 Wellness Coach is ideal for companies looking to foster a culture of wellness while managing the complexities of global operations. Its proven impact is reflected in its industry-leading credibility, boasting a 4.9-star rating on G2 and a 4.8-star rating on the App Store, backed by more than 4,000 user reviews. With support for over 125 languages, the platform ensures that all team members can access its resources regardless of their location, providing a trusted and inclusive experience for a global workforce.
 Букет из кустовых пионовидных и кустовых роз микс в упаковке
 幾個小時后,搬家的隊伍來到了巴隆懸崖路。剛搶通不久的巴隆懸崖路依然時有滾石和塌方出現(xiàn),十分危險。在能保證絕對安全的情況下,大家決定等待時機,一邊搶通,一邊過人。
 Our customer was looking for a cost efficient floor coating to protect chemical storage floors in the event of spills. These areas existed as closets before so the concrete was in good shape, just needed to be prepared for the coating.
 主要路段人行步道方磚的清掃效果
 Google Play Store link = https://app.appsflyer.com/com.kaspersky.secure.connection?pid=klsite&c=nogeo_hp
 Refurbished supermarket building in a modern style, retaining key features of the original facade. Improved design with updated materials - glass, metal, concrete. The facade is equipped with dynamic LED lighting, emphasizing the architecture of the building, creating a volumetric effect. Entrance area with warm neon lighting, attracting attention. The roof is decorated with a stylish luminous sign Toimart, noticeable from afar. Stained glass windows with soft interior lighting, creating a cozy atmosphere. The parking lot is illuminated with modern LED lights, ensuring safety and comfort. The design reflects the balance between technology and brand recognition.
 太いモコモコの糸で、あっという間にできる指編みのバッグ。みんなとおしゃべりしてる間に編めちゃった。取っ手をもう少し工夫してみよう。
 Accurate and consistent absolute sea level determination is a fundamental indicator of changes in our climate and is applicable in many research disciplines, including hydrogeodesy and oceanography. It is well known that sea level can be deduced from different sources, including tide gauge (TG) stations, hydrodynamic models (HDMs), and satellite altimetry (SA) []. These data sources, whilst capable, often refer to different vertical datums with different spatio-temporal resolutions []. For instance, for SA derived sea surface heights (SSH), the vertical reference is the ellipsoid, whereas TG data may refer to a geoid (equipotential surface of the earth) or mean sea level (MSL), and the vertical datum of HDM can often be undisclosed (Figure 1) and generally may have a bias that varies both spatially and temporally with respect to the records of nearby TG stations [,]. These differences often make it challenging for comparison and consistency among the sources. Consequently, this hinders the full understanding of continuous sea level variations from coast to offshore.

..............................

» **Task goal**: Show every line above in which the word "Store" occurs.

» **Output of the exercise**:
 Wellness Coach is ideal for companies looking to foster a culture of wellness while managing the complexities of global operations. Its proven impact is reflected in its industry-leading credibility, boasting a 4.9-star rating on G2 and a 4.8-star rating on the App Store, backed by more than 4,000 user reviews. With support for over 125 languages, the platform ensures that all team members can access its resources regardless of their location, providing a trusted and inclusive experience for a global workforce.
 Google Play Store link = https://app.appsflyer.com/com.kaspersky.secure.connection?pid=klsite&c=nogeo_hp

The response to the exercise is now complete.